━━━ Working data ━━━

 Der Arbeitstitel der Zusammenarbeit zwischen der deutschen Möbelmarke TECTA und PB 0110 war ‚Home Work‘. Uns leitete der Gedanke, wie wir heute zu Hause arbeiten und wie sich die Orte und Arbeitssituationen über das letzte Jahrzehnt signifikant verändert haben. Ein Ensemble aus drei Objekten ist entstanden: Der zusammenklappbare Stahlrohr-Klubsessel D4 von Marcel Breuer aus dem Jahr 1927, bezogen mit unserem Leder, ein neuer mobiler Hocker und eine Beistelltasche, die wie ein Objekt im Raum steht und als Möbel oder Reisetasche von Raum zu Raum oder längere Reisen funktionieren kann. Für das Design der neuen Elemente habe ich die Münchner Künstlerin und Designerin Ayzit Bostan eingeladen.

━━━
━━━ Working data ━━━

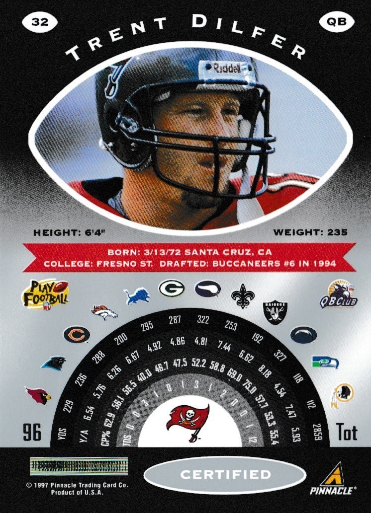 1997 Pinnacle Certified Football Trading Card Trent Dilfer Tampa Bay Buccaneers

━━━
━━━ Working data ━━━

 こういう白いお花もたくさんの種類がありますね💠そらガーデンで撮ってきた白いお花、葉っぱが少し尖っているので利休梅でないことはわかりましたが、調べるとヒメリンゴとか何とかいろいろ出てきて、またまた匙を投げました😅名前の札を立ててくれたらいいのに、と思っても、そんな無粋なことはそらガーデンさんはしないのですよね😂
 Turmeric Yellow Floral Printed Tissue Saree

━━━

* _Your assignment_
Would you retype exactly the lines above, from the line with "こういう白いお花もたくさんの" to the line with "Turmeric Yellow Floral Printed Tissue Saree", with both end lines kept and nothing more?

* _Written reply_
 こういう白いお花もたくさんの種類がありますね💠そらガーデンで撮ってきた白いお花、葉っぱが少し尖っているので利休梅でないことはわかりましたが、調べるとヒメリンゴとか何とかいろいろ出てきて、またまた匙を投げました😅名前の札を立ててくれたらいいのに、と思っても、そんな無粋なことはそらガーデンさんはしないのですよね😂
 Turmeric Yellow Floral Printed Tissue Saree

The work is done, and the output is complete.